Is this the best time ever for video games? As someone who reviews 10 games a week, and tries out plenty more, I've almost started to take for granted that there will be a minimum of two or three truly great games out. At that rate, over the course of a year, you're looking at as many as 100 great games that are worth spending money on - and that's just in the downloadable gaming scene.

This week provides an embarrassment of riches, and yet again, I didn't even cover half of the worthy contenders beating a path to my door.

From absolutely nowhere, we've got a new poster child for the Android scene in the shape of Cordy, an effortlessly charming superbudget LittleBigPlanet. MotorTrialz similarly pinches a good idea and refashions it to great effect, while Remedy trawls its back catalogue and delivers probably the best mobile racing game in the process.

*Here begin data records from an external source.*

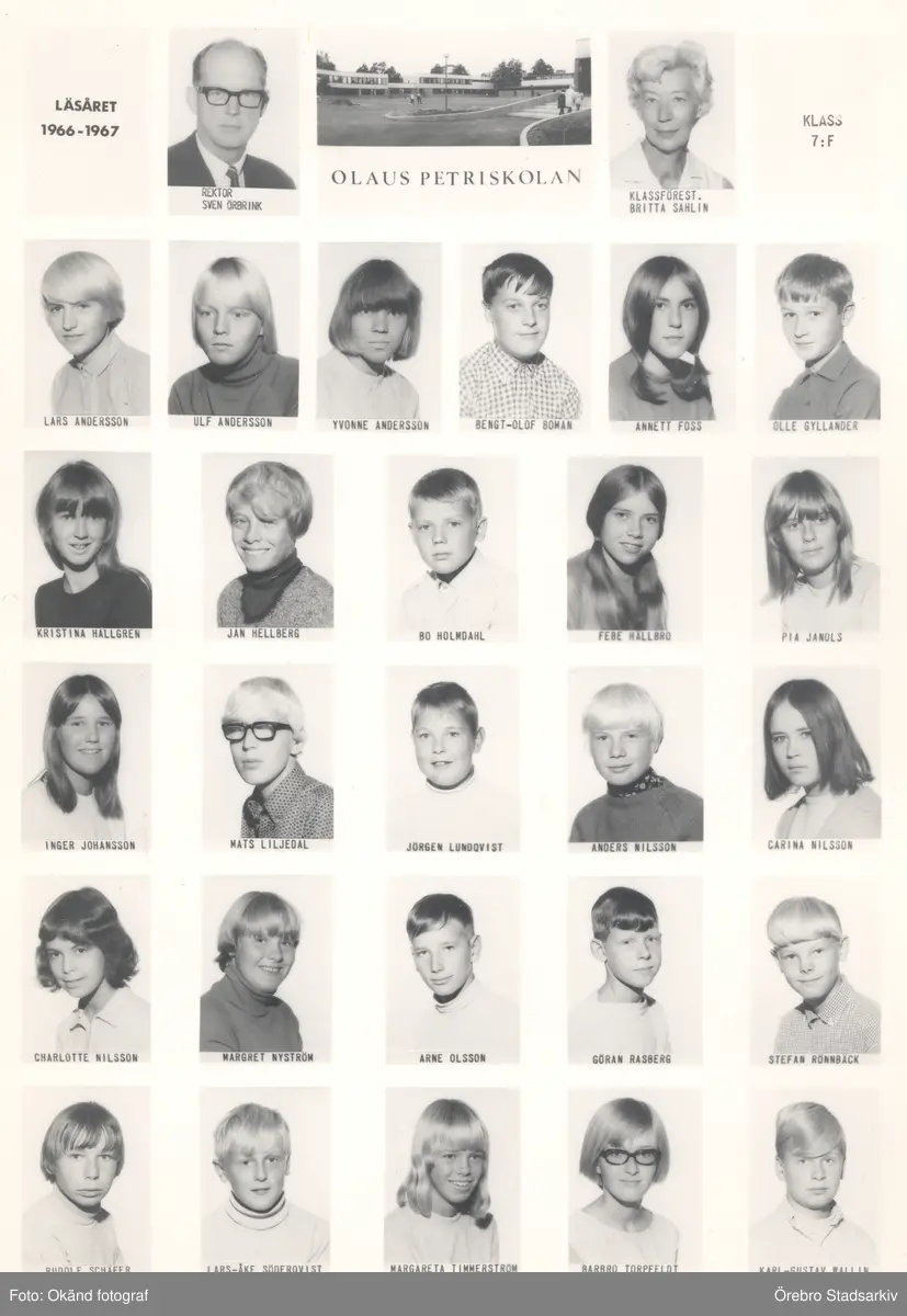 Klass 7F på Olaus Petriskolan, 1966-1967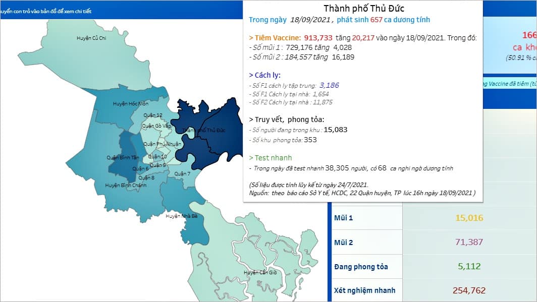 TP Thủ Đức từ 29-4 đến 18/9 ghi nhận hơn 25,3 nghìn ca COVID-19. Cao nhất là quận Bình Tân với hơn 25,8 nghìn ca. (Nguồn: covid19.hochiminhcity.gov.vn)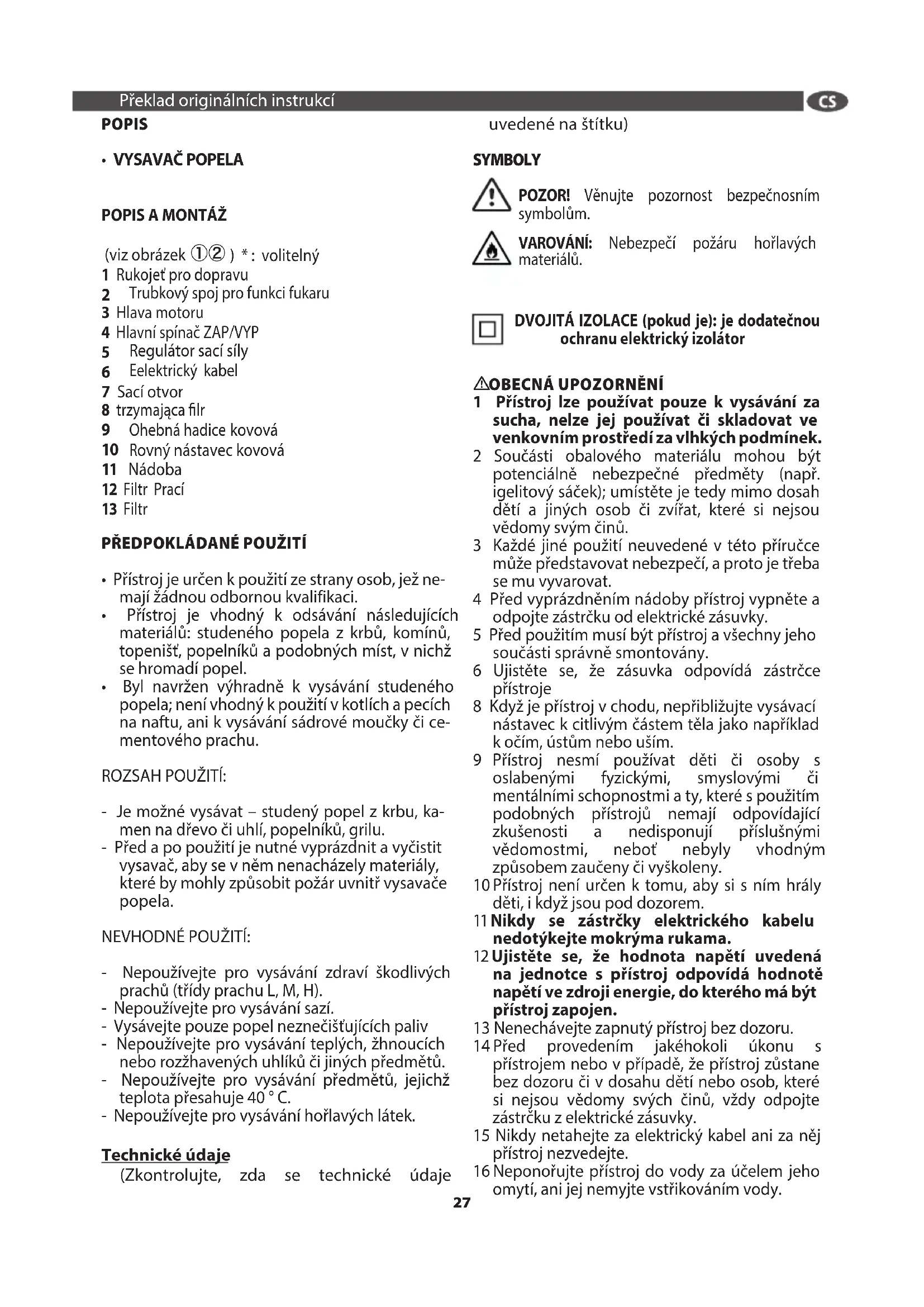 - Byl navržen výhradně k vysávání studeného popela; není vhodný k použití v kotlích a pecích na naftu, ani k vysávání sádrové moučky či ce- mentového prachu. ROZSAH POUŽITÍ: - Je možné vysávat – studený popel z krbu, ka- men na dřevo či uhlí, popelníků, grilu. - Před a po použití je nutné vyprázdnit a vyčistit vysavač, aby se v něm nenacházely materiály, které by mohly způsobit požár uvnitř vysavače popela. NEVHODNÉ POUŽITÍ: - Nepoužívejte pro vysávání zdraví škodlivých prachů (třídy prachu L, M, H). - Nepoužívejte pro vysávání sazí. - Vysávejte pouze popel neznečišťujících paliv - Nepoužívejte pro vysávání teplých, žhnoucích nebo rozžhavených uhlíků či jiných předmětů. - Nepoužívejte pro vysávání předmětů, jejichž teplota přesahuje 40 ° C. - Nepoužívejte pro vysávání hořlavých látek. Technické údaje (Zkontrolujte, zda se technické údaje Překlad originálních instrukcí uvedené na štítku) SYMBOLY

And then there's Ozone HD, a game that completely passed me by last summer but is well worth investigating, while the awesome Pac-Man CE DX makes a debut mobile appearance on Windows Phone 7 - but does it match up to the 10/10 I slapped upon it last year?

MotoTrialz

Hopefully, RedLynx will one day sprinkle its incendiary genius over the smartphone scene and deliver the gaming crack that is Trials. Until that day, be content with the mildly addictive MotoTrialz.

Hello moto.

When developer Tooko originally released iTrials, its 'tribute' to the side-scrolling stunt racer, last October, RedLynx had a justifiable paddy about it being rather too close to its inspiration. Six months later, it returns with a new name, different locations and a few placatory tweaks, and takes its place as the best mobile motocross stunt racer around.

As you'd expect, there's only one goal: get to the finishing line as quickly as possible and bask in the glow of online leaderboard glory. En route, there's the usual assortment of ramps, logs, see-saws, moving platforms and meddlesome obstacles to negotiate, along with frustration-reducing checkpoints that prevent you having to start from scratch as soon as you fall off.

Success comes down to that tricky compromise of judging momentum and balance, and Tooko does a fine job of approximating the formula with (usually) convincing physics and an intuitive, streamlined control system that doesn't (usually) result in you hurling your iPhone through the nearest window. Always worth bonus points, that.

For your massive 59 pence outlay, you get 27 tricky-as-you-like courses, rendered with the requisite loving care, and the chance to obsess over your times with your equally OCD friends. Honestly, what's not to love?